-- Task goal --
Only the lines from the one with "클릭커로 몬스터를 잡고 스탯을 올려 온라인에서 1:1로 싸워서 이기기" through the end of the material are wanted, copied exactly and with the pictures left out.

== Segment start ==

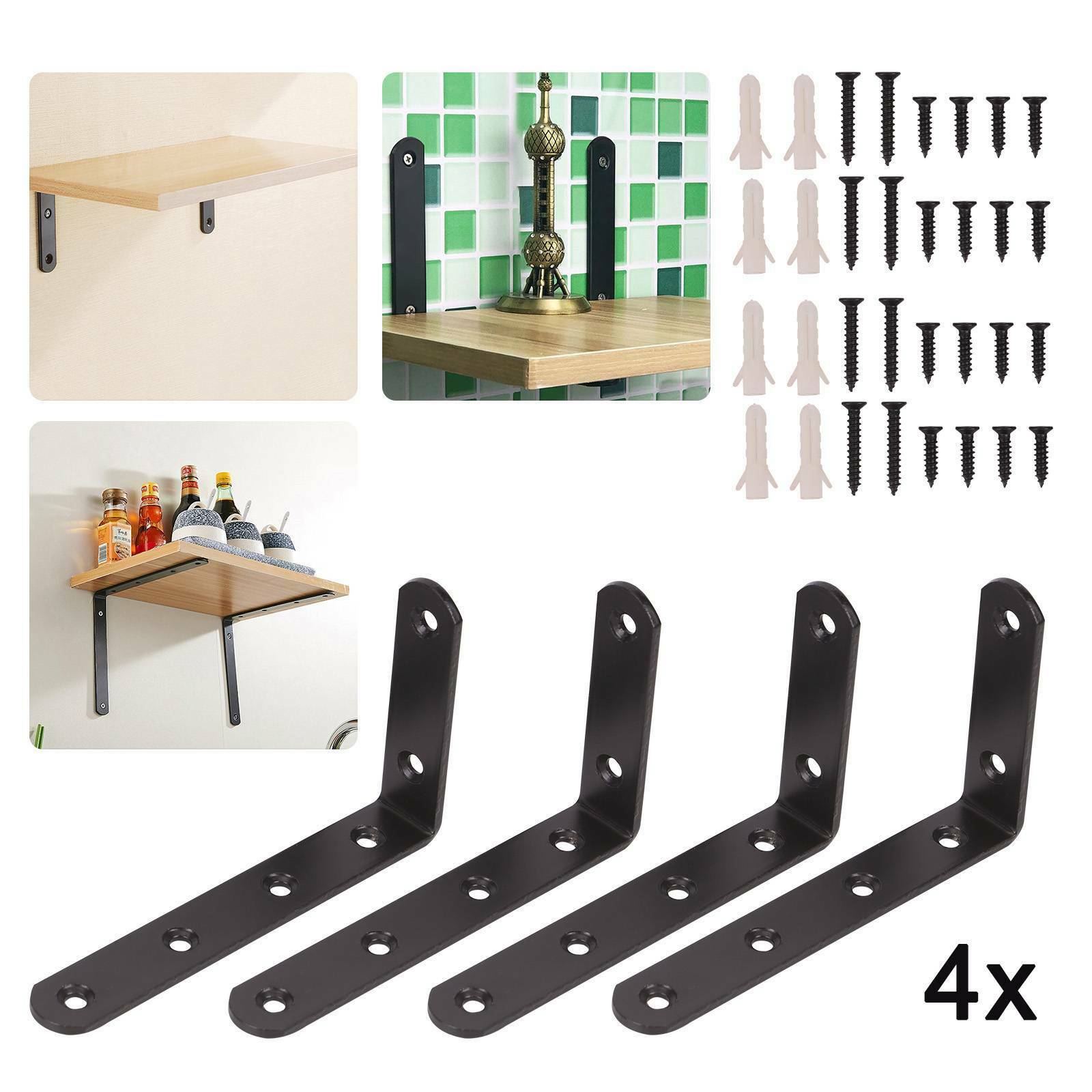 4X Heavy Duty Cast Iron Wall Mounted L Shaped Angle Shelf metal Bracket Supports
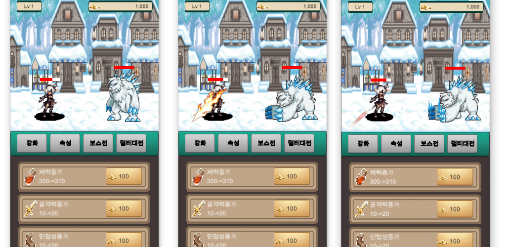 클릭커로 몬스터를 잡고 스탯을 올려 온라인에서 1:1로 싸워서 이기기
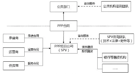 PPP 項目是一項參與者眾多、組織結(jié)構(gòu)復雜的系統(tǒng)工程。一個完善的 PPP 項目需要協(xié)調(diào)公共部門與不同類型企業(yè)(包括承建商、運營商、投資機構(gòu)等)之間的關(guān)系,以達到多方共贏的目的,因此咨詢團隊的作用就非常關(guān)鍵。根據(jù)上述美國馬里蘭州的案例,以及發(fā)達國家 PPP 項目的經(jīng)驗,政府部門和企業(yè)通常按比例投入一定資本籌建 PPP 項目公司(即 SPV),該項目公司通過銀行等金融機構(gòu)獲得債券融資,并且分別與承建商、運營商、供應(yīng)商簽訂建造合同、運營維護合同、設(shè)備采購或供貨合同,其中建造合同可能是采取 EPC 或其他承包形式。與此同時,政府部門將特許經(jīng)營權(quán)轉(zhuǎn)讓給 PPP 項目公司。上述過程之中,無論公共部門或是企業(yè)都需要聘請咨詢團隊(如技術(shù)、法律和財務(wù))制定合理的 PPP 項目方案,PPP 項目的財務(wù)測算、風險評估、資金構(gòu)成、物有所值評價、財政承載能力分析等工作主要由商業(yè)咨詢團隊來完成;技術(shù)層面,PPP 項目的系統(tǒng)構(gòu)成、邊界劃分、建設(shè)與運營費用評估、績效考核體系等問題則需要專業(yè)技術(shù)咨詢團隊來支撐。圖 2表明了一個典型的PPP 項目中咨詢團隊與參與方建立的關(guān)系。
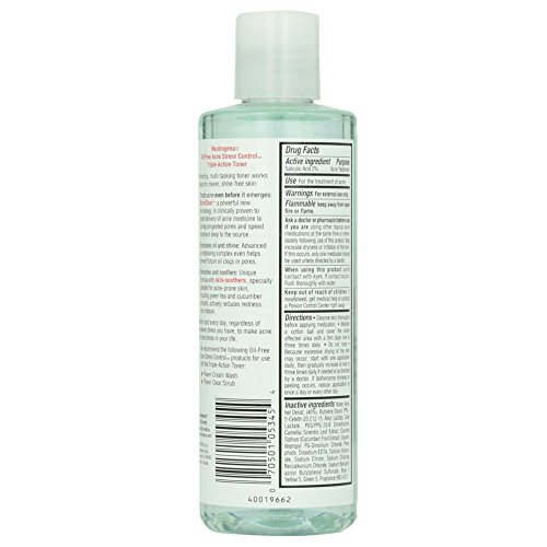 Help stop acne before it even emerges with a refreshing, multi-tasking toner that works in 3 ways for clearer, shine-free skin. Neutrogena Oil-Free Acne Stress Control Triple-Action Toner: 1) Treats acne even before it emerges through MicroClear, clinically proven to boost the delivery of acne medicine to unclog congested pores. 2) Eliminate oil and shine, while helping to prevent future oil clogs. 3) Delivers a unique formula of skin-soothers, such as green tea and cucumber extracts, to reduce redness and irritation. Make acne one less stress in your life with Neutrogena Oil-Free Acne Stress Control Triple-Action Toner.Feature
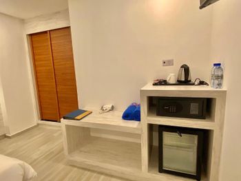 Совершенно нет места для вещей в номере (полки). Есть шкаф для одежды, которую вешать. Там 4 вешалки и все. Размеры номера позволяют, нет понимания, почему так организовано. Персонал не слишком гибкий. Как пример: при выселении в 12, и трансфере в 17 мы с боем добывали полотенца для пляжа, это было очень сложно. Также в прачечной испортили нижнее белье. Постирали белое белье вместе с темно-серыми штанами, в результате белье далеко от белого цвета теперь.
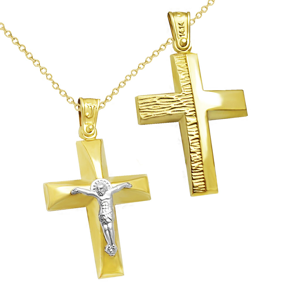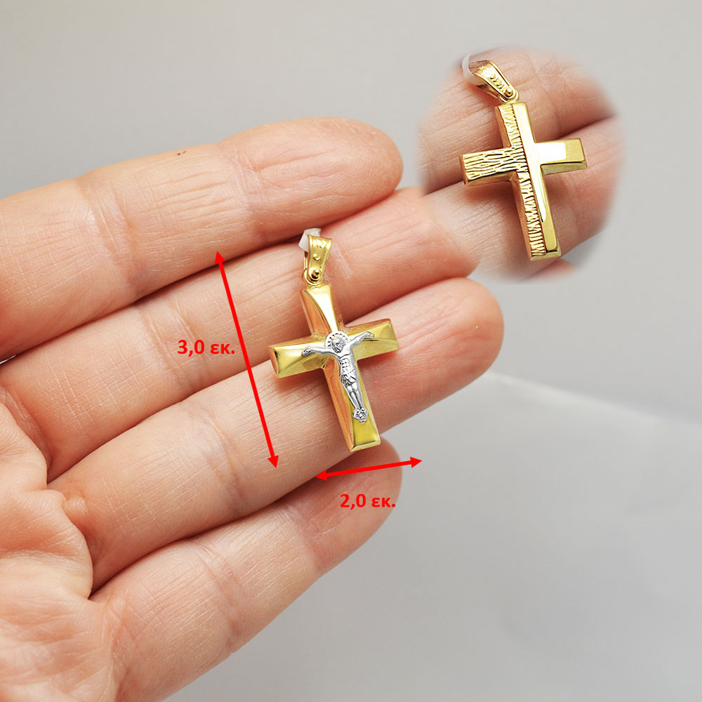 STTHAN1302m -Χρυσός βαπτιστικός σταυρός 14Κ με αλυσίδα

== Segment end ==

-- Finished task --
 클릭커로 몬스터를 잡고 스탯을 올려 온라인에서 1:1로 싸워서 이기기
 PPP 項目是一項參與者眾多、組織結(jié)構(gòu)復雜的系統(tǒng)工程。一個完善的 PPP 項目需要協(xié)調(diào)公共部門與不同類型企業(yè)(包括承建商、運營商、投資機構(gòu)等)之間的關(guān)系,以達到多方共贏的目的,因此咨詢團隊的作用就非常關(guān)鍵。根據(jù)上述美國馬里蘭州的案例,以及發(fā)達國家 PPP 項目的經(jīng)驗,政府部門和企業(yè)通常按比例投入一定資本籌建 PPP 項目公司(即 SPV),該項目公司通過銀行等金融機構(gòu)獲得債券融資,并且分別與承建商、運營商、供應(yīng)商簽訂建造合同、運營維護合同、設(shè)備采購或供貨合同,其中建造合同可能是采取 EPC 或其他承包形式。與此同時,政府部門將特許經(jīng)營權(quán)轉(zhuǎn)讓給 PPP 項目公司。上述過程之中,無論公共部門或是企業(yè)都需要聘請咨詢團隊(如技術(shù)、法律和財務(wù))制定合理的 PPP 項目方案,PPP 項目的財務(wù)測算、風險評估、資金構(gòu)成、物有所值評價、財政承載能力分析等工作主要由商業(yè)咨詢團隊來完成;技術(shù)層面,PPP 項目的系統(tǒng)構(gòu)成、邊界劃分、建設(shè)與運營費用評估、績效考核體系等問題則需要專業(yè)技術(shù)咨詢團隊來支撐。圖 2表明了一個典型的PPP 項目中咨詢團隊與參與方建立的關(guān)系。
 Help stop acne before it even emerges with a refreshing, multi-tasking toner that works in 3 ways for clearer, shine-free skin. Neutrogena Oil-Free Acne Stress Control Triple-Action Toner: 1) Treats acne even before it emerges through MicroClear, clinically proven to boost the delivery of acne medicine to unclog congested pores. 2) Eliminate oil and shine, while helping to prevent future oil clogs. 3) Delivers a unique formula of skin-soothers, such as green tea and cucumber extracts, to reduce redness and irritation. Make acne one less stress in your life with Neutrogena Oil-Free Acne Stress Control Triple-Action Toner.Feature
 Совершенно нет места для вещей в номере (полки). Есть шкаф для одежды, которую вешать. Там 4 вешалки и все. Размеры номера позволяют, нет понимания, почему так организовано. Персонал не слишком гибкий. Как пример: при выселении в 12, и трансфере в 17 мы с боем добывали полотенца для пляжа, это было очень сложно. Также в прачечной испортили нижнее белье. Постирали белое белье вместе с темно-серыми штанами, в результате белье далеко от белого цвета теперь.
 STTHAN1302m -Χρυσός βαπτιστικός σταυρός 14Κ με αλυσίδα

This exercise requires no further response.